Information given section start

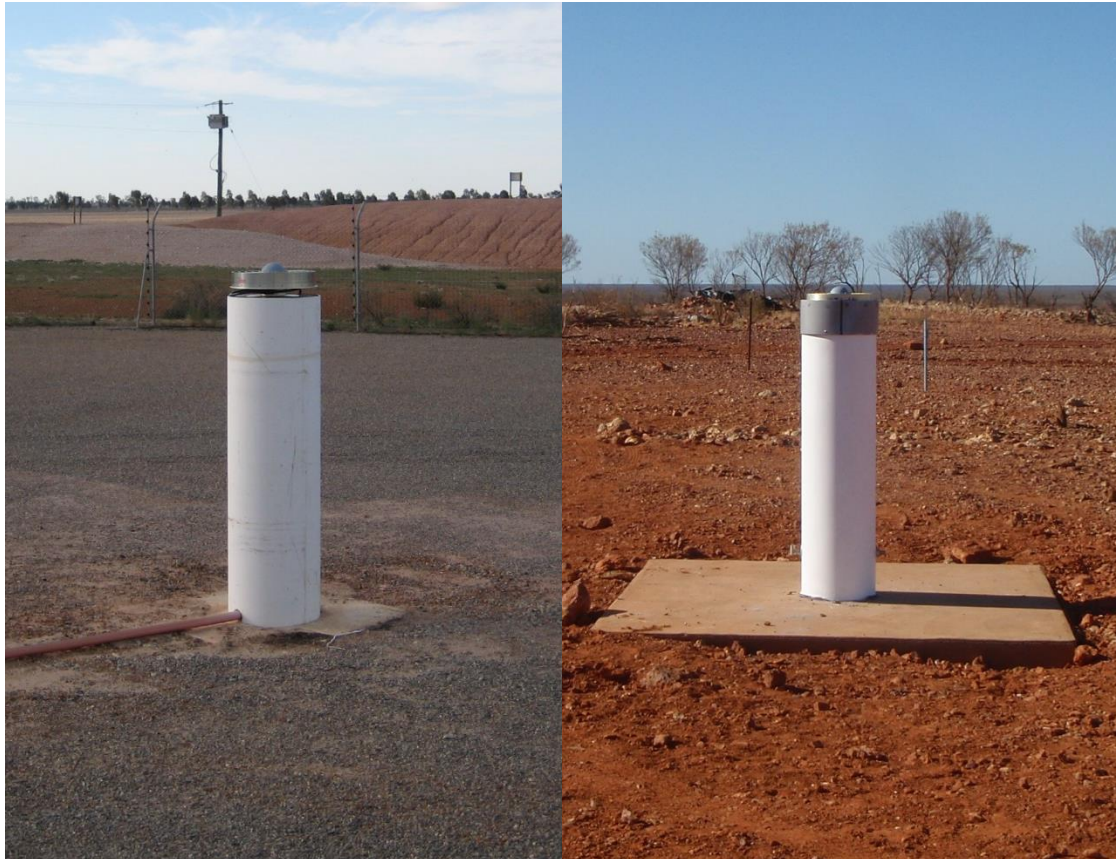
Figure 5: Sample Tier 1 and 2 CORS monuments

Figure 5 shows two examples of Tier 1 and 2 CORS antenna monuments.
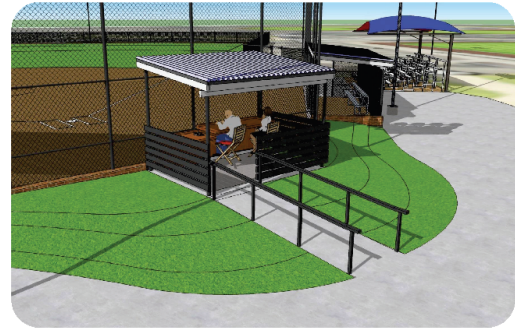
Backstop dugout scoring area
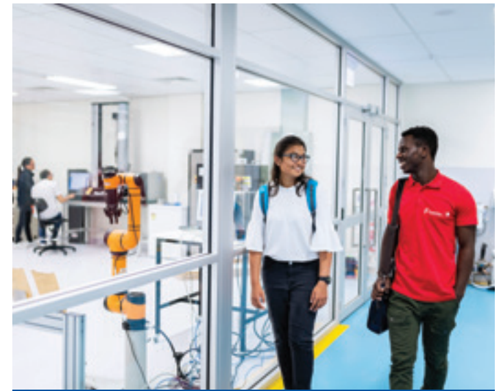
Industry 4.0 Robotics Lab / A space for students and industry to develop new applications for robot programming, machine vision and collaborative robotics.
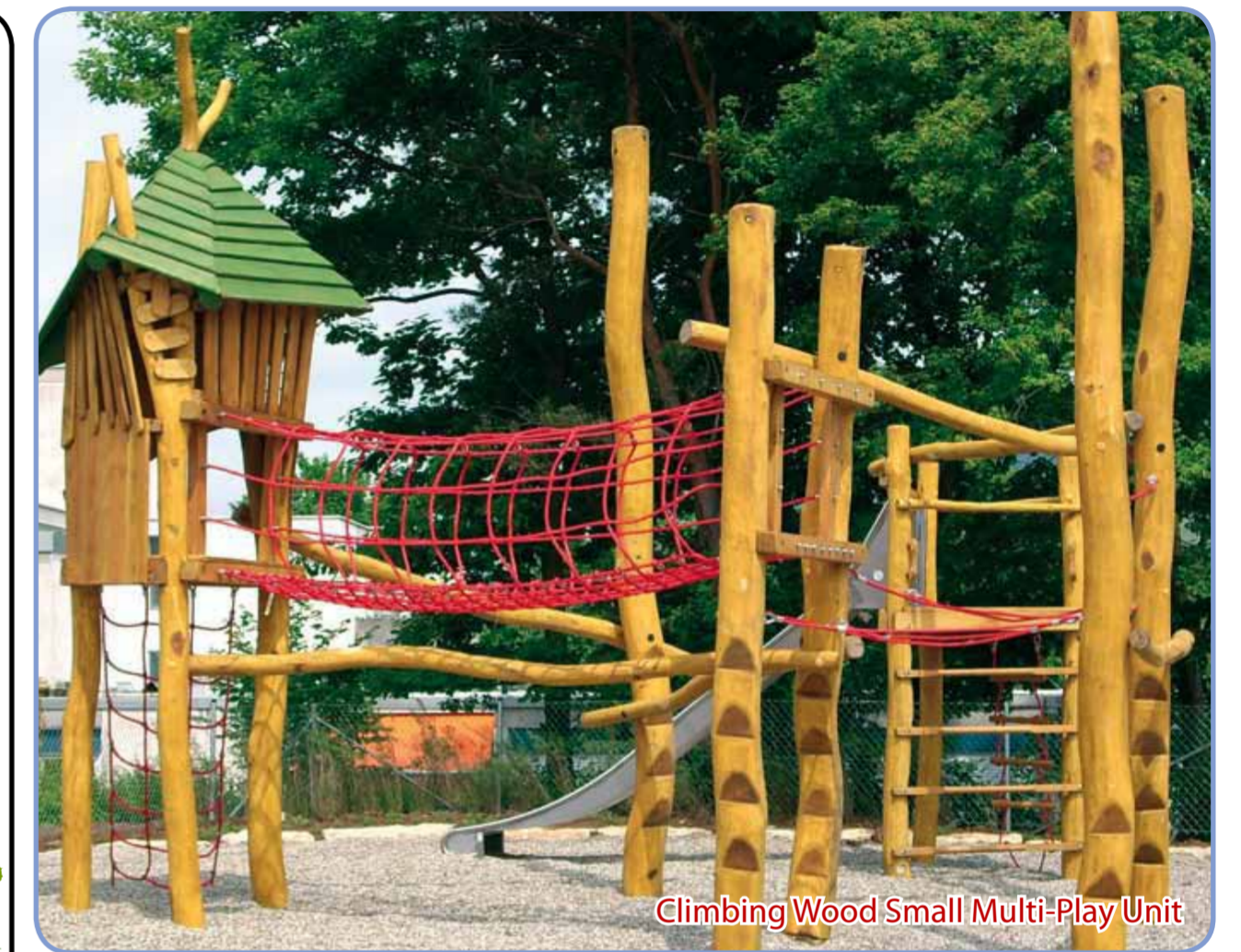
Climbing Wood Small Multi-Play Unit
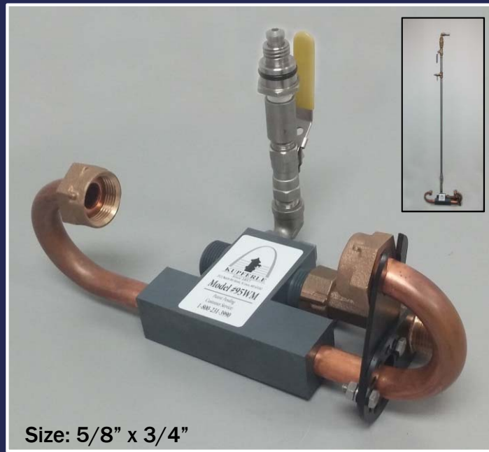
Size: 5/8" x 3/4"
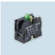
Auxiliary Contact Block Np2 Series
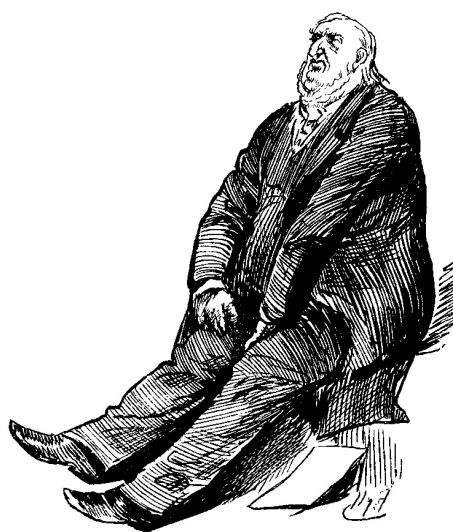
The British Constitution.

This is merely an incident in the struggle, illustrating one of the embarrassments it has evolved. Only man thoroughly happy is HARCOURT. He invented the line of attack on ground of breach of constitutional usages; put up Mr. G. to make his speech; supplied him with authorities, and in supplementary speech amazed House with his erudition. Made stupendous speech last night; literally gorged the House; to-night picks up fragments and provides another feast: six baskets wouldn't hold it.
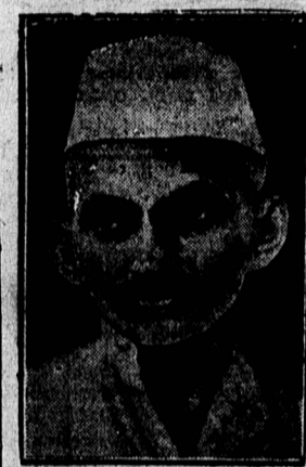
Mahatma Gandhi, Indian revolutionist and mystic, who, with 70 volunteers, commenced a dramatic march to Jalapur to open a campaign of civil disobedience to the British government.
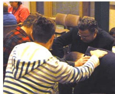
Practicing the 'Healing Presence Prayer'
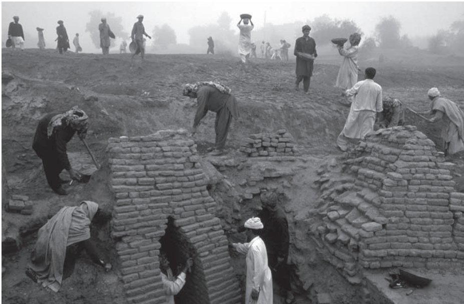
An archaeological team works at Harappa, one site from an ancient Indus River civilization dating back some 4,800 years.

Archaeologists have spent much time studying potsherds, fragments of earthenware. Potsherds are more durable than many other artifacts, such as textiles and wood. The quantity of pottery fragments allows estimates of population size and density. The discovery that potters used materials that were not available locally suggests systems
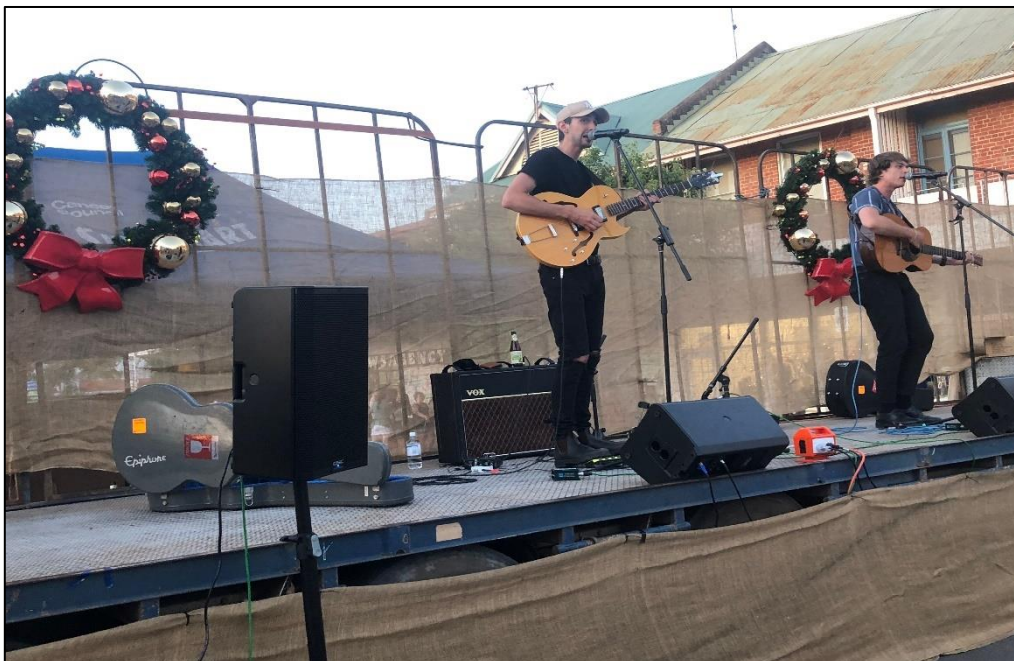
Music in Dubbo Street December 2018

Festivals and events should be targeted as much towards local residents as it is to attract tourists to ensure that everyone has an opportunity to participate in public arts events and seek enjoyment from the event.
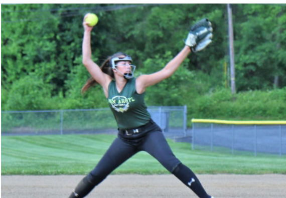
Pen Argyl - UMBT Softball
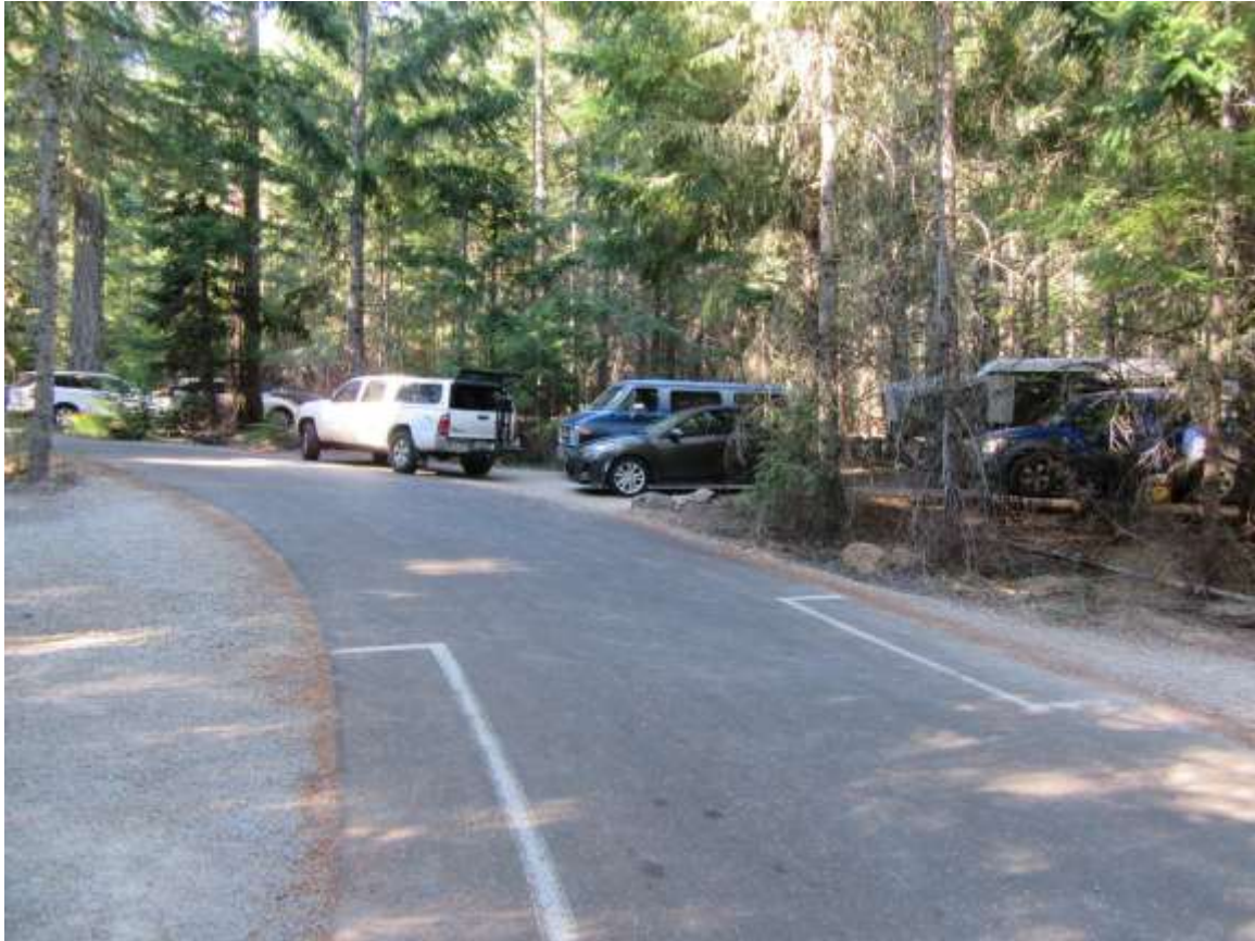
Hoodview campsite #41 was our headquarters.
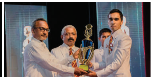
Clubs' Night 2018 was held on the 19th of July 2019 at the Kularathna Hall under the distinguished patronage of former minister of Mass Media Hon. Imthiaz Bakeer Markar.
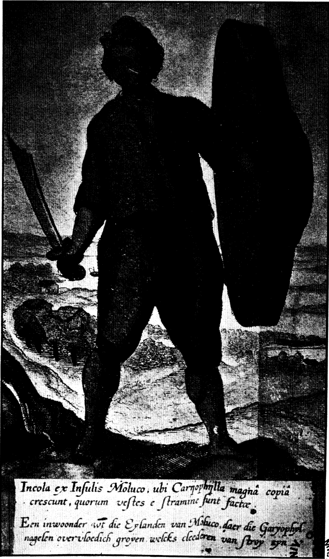
“Incola ex Insulis Moluco” (picture of a Moluccan warrior), from Voyage ofte Schipvaert , by Jan Huygen van Linschoten (Amstelredam, CIO. IO. XCVI)

[From original (in colors), in Boston Public Library]
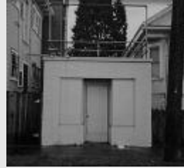
WHITE OUT Oakland, CA (2000)

Black and white Matted and framed 16"x20"
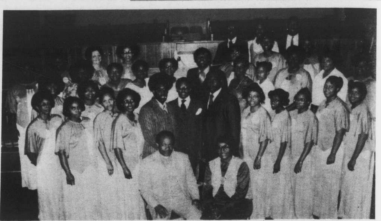
HALL SINGERS with the ST. PAUL CATHEDRAL CONCERT CHOIR as they will appear at the Annual Benefit Banquet & Concert, presented by The St. Paul Church Of God In Christ, Sunday, September 30, 1979-2:30 p.m. at Paul Anka's Jubilation Steak House & Restaurant, 75 East Harmon. Dinner is scheduled for 2:30 and the live recording concert will be presented at 3:30 p.m. Golden donation (includes dinner, Concert, Album & Picture) is $15.00 Silver donation, for dinner & Concert, is $10.00. All donations are tax deductible.
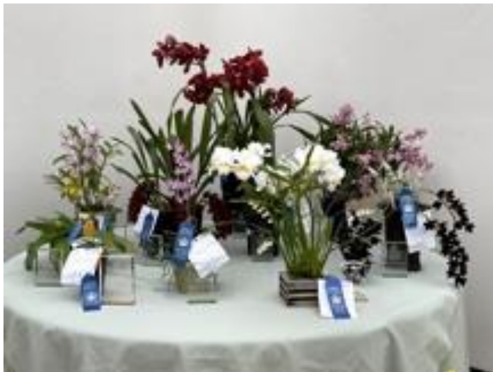
Best of Section Spring Show winners 2023
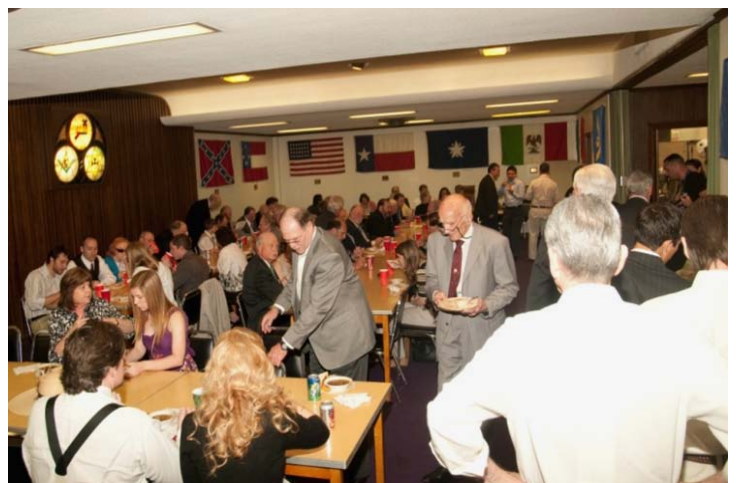
Holland Lodge's dining room was at capacity for the 175 th anniversary lunch. More than 150 people attended the event.
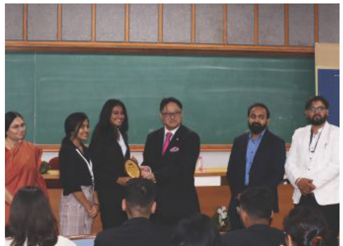
International Conference on Corporate Law & Finance at ILNU
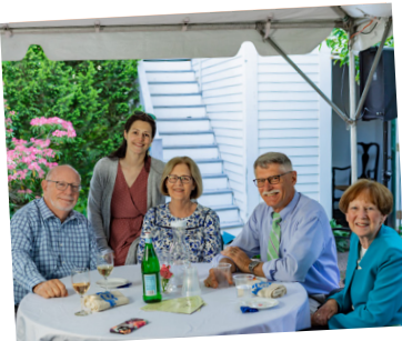
Gratitude Gathering Picnic
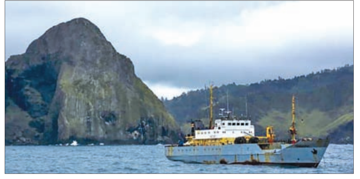
A Russian vessel is seen off the coast of the Southern Kurile Island of Shikotan in 2015.
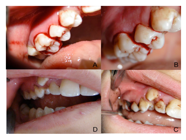
Figure 3. A: Spontaneous bleeding especially from interdental papilla region

ABS could be effectively used both in individuals with normal haemostatic parameters and in patients with deficient primary hemostasis and/or secondary hemostasis. The safety and efficacy of ABS in dental surgery and bleedings have been shown previously in 25 patients with normal hemostasis.<sup>18</sup> There was no statistically and clinically significant difference

Information given section end

> [Exercise description]:
Please print the lines exactly, from the top of the material through the line with "The British Constitution.", and omit the pictures.

> [Task response]:
Figure 5: Sample Tier 1 and 2 CORS monuments

Figure 5 shows two examples of Tier 1 and 2 CORS antenna monuments.
Backstop dugout scoring area
Industry 4.0 Robotics Lab / A space for students and industry to develop new applications for robot programming, machine vision and collaborative robotics.
Climbing Wood Small Multi-Play Unit
Size: 5/8" x 3/4"
Auxiliary Contact Block Np2 Series
The British Constitution.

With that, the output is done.